Vous avez aussi la particularité de jongler en permanence entre le 7 et le 15. Vous n'arrivez pas à vous décider ? Vous ne pouvez pas vous passer de l'un ou de l'autre ?
(Elle rit) Oui, c'est surtout ça. J'ai été une sportive très active, j'ai découvert le 7 sur le tard, et c'est vraiment une discipline à laquelle je suis très attachée, car en termes de dépassement de soi, elle est vraiment unique. Et par le biais des Jeux olympiques, c'est forcément une discipline qui fait rêver. Quand on est sportif et qu'on peut participer aux Jeux olympiques, c'est extraordinaire. Et le fait d'être à quinze ne le permet pas. J'aime vraiment les deux. Les objectifs sont tellement différents dans les deux disciplines. J'ai la chance de pouvoir me présenter dans les deux disciplines, alors je le ferai tant qu'on me le permettra. Même si je suis maintenant beaucoup plus à même de fixer des priorités pour le 7 ou le 15 en fonction de l'événement. Pour l'instant, c'est une 15e année (rires). En tout cas, je veux continuer à faire les deux. Tant que c'est possible.
Est-ce que ce serait un crève-cœur pour vous si vous deviez choisir ?
(Elle hésite) Cela dépendrait des arguments. Si on me dit que les saisons sont beaucoup trop intenses et denses pour que je puisse postuler pour les deux ... Mon parti n'est pas non plus de faire l'un ou l'autre, juste pour dire que je fais sept et quinze. Il s'agit d'essayer vraiment d'être performant lorsque je passe dans l'une ou l'autre équipe. C'était vraiment des périodes ciblées où je pouvais matcher et apporter quelque chose à l'équipe, et pas seulement dire que j'étais des deux côtés du terrain. Si demain on me dit que ce n'est vraiment plus possible, que ça ne peut clairement plus continuer comme ça et qu'on me l'impose, ce choix sera fait. Mais pour l'instant, ce n'est pas le cas, et c'est pour mon bien.
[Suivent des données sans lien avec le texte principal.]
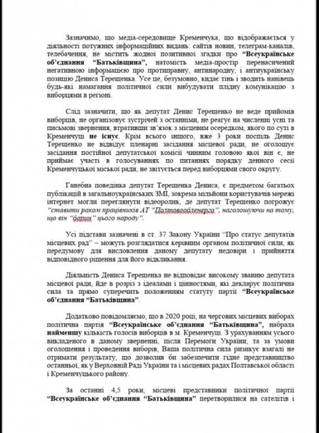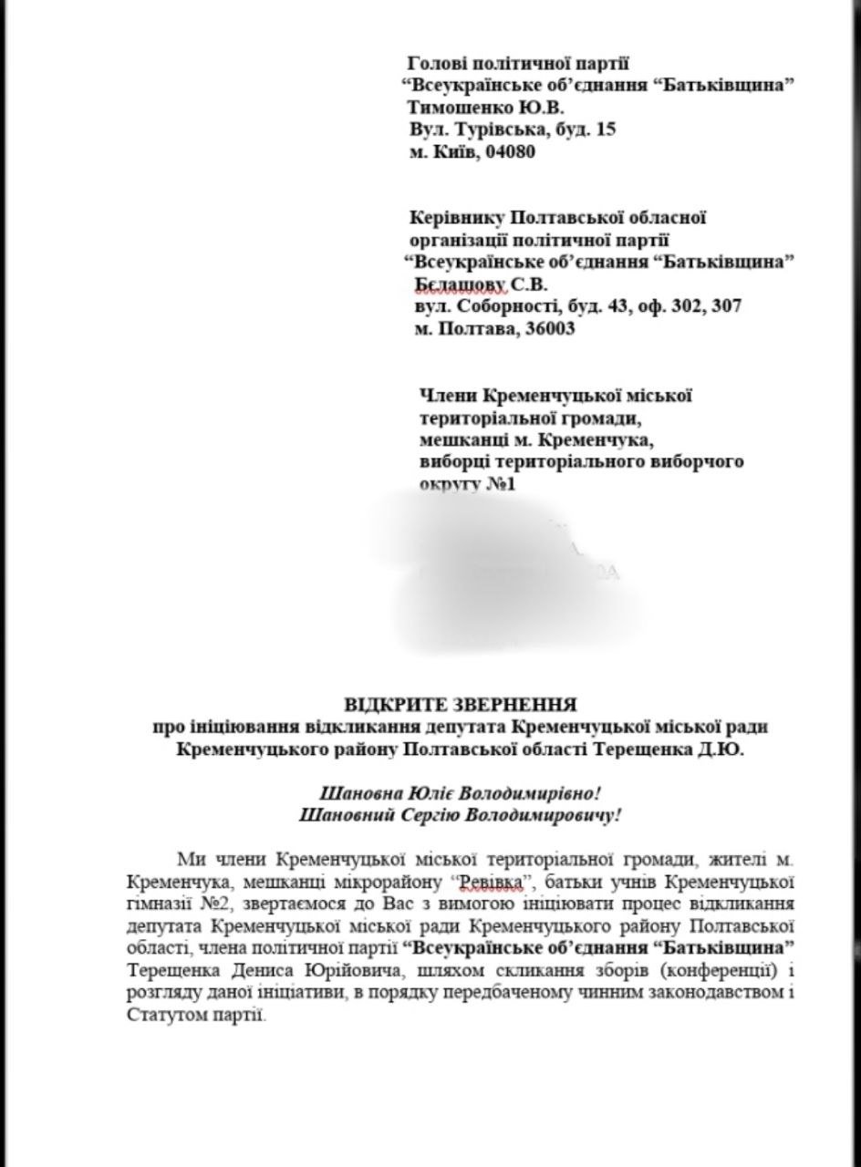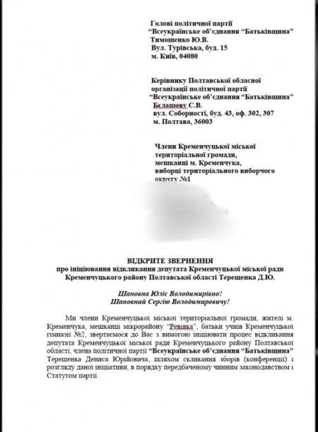 Жителі мікрорайону Ревівка у Кременчуці ініціювали звернення до лідерки партії «Батьківщина» Юлії Тимошенко та до керівника обласного осередку партії Сергія Бєлашова з проханням відкликати із членів партії депутата Кременчуцької міськради від територіального виборчого округу № 1 Дениса Терещенка. Відповідне звернення для оприлюднення кременчуківці надали і журналістам «Кременчуцького Телеграфа».

Pensez-vous pouvoir continuer à travailler en alternance pendant de nombreuses années ?
Oui, tant que nous n'avons pas un Covid qui vient tout chambouler (rires). Car cette année, nous avons deux championnats du monde qui ne sont séparés que de quelques semaines, nous avons donc dû faire des choix. En tout cas, les années normales, tout est fait pour que l'on puisse en faire sept et quinze, donc j'espère que les choses vont revenir à la normale.
La récupération ne doit pas être facile tous les jours quand autant de matchs s'enchaînent ?
C'est vrai, c'est intense ! (rires) J'ai la chance que mon corps me le permette et que je n'ai que très peu de blessures. Cela me permet pour l'instant de postuler aussi bien pour le sept que pour le quinze. Avec l'âge et les années, je ne serai peut-être plus aussi bien placé pour le faire plus tard.